# How to Backup Stock Rom of Lg Optimus One P500



## rockstarmpm (Jun 4, 2011)

Hi,
I have tried dumping the files into SD Card via terminal emulator, I typed this "dd if=/dev/mtd/mtd2 of=/sdcard/stock-recovery.img bs=4096" and a.img file of 5MB created. I think it is not the real one, since it is only 5MB.

Any easy way to create a backup of stock ROM?


----------



## Gollum (Jun 4, 2011)

head over to the android development forum of xda-developers for lg p500 and
look for a thread called rooting installing custom roms. you will get your answers there.


----------



## coderunknown (Jun 4, 2011)

instal custom recovery & backup using builtin function.


----------



## dreatica (Jun 4, 2011)

rockstarmpm said:


> Hi,
> I have tried dumping the files into SD Card via terminal emulator, I typed this "dd if=/dev/mtd/mtd2 of=/sdcard/stock-recovery.img bs=4096" and a.img file of 5MB created. I think it is not the real one, since it is only 5MB.
> 
> Any easy way to create a backup of stock ROM?



what about downloading the stock rom nandroid ? 

Multiupload.com - upload your files to multiple file hosting sites!

Its Indian Version 10b. Android 2.2


----------



## coderunknown (Jun 4, 2011)

great. i'll take that too.


----------



## AndroidFan (Jun 4, 2011)

dreatica said:


> what about downloading the stock rom nandroid ?
> 
> Multiupload.com - upload your files to multiple file hosting sites!
> 
> Its Indian Version 10b. Android 2.2





Sam said:


> great. i'll take that too.



If I restore this one, do I go back to stock?


----------



## coderunknown (Jun 4, 2011)

i think so. at least better than using KDZ bricker updater


----------



## Gollum (Jun 4, 2011)

Sam said:


> i think so. at least better than using KDZ bricker updater



hey I updated using kdz. calling it bricker is a very noobish thing to say.


----------



## coderunknown (Jun 4, 2011)

i downgraded using kdz. have you seen the number of mobiles getting bricked? for simply not turning off lge modem, ppls are killing their optimus ones.


----------



## rockstarmpm (Jun 5, 2011)

hmm ok.


dreatica said:


> what about downloading the stock rom nandroid ?
> 
> Multiupload.com - upload your files to multiple file hosting sites!
> 
> Its Indian Version 10b. Android 2.2


I think Android OS in O1 has ID too, so in time of warranty, they may check that too. Correct me if I am wrong.


----------



## coderunknown (Jun 5, 2011)

IMEI no may cause problem.


----------



## dreatica (Jun 5, 2011)

AndroidFan said:


> If I restore this one, do I go back to stock?
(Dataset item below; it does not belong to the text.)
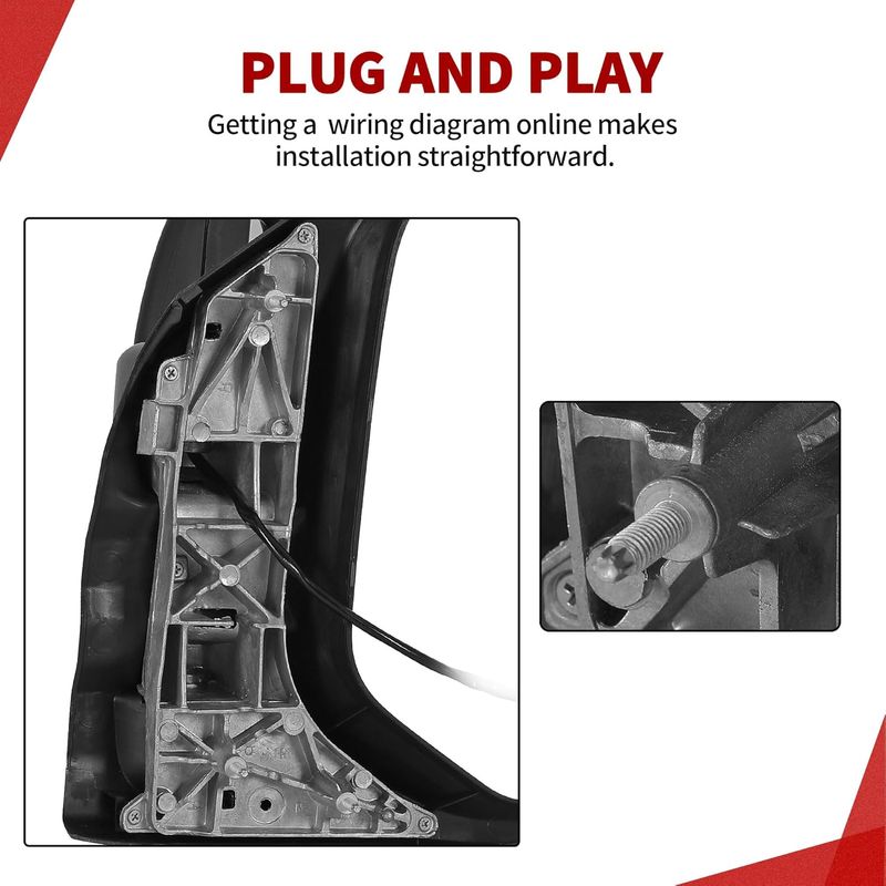 Plug and Play: No need to get your hands dirty with complicated wiring or endless adjustments. This left mirror fits right into your ride like it was meant to be there. Install it and get back on the road in no time. Simple as that

Yes  Its backup of nandroid of original rom which is factory reset. 



rockstarmpm said:


> hmm ok.
> 
> I think Android OS in O1 has ID too, so in time of warranty, they may check that too. Correct me if I am wrong.
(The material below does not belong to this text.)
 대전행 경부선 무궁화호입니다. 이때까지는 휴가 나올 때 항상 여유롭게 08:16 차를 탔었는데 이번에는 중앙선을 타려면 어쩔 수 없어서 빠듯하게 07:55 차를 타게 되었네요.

No  If you restore the original rom, no recovery they cant check anyway if u have ever used any recovery/custom rom


----------



## coderunknown (Jun 5, 2011)

@dreatica, are you sure about restoring backup will remove recovery? flashing a rom using KDZ will remove but restoring a rom. kind of odd.


----------



## dreatica (Jun 5, 2011)

Sam said:


> @dreatica, are you sure about restoring backup will remove recovery? flashing a rom using KDZ will remove but restoring a rom. kind of odd.



yes you are right, i meant if u flash rom by kdz- it will erase recovery. sorry for bad selection of words, using ph, I wish digit support tapatalk.


----------



## coderunknown (Jun 5, 2011)

so restore then flash stock recovery (thankfully i have the image file of stock recovery).
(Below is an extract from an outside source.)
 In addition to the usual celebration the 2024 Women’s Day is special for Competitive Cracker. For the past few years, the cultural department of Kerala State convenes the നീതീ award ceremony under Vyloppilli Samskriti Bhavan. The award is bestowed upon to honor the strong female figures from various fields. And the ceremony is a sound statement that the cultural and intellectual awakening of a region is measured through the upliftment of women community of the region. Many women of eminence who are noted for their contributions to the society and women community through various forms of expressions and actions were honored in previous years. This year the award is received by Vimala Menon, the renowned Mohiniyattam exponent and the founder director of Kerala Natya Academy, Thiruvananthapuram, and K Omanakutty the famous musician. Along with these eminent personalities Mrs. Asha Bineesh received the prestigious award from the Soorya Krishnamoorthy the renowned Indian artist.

ico told he mailed TDF management about tapatalk. i don't think they replied back.


----------



## rockstarmpm (Jun 6, 2011)

I have a doubt- If I backup with clockworkmod, it only backup the ROM or full Android?


----------



## coderunknown (Jun 6, 2011)

Rom = full android. backup includes Android & all the games & apps. along with msg and contacts. not sure if the games saved in SD card will be backed up well.

but then backing up ROM using clockworkmod may trigger that fastboot problem. is the problem fixed?


----------



## rockstarmpm (Jun 6, 2011)

Sam said:


> Rom = full android. backup includes Android & all the games & apps. along with msg and contacts. not sure if the games saved in SD card will be backed up well.
> 
> but then backing up ROM using clockworkmod may trigger that fastboot problem. is the problem fixed?



yeah, that problem fixed


----------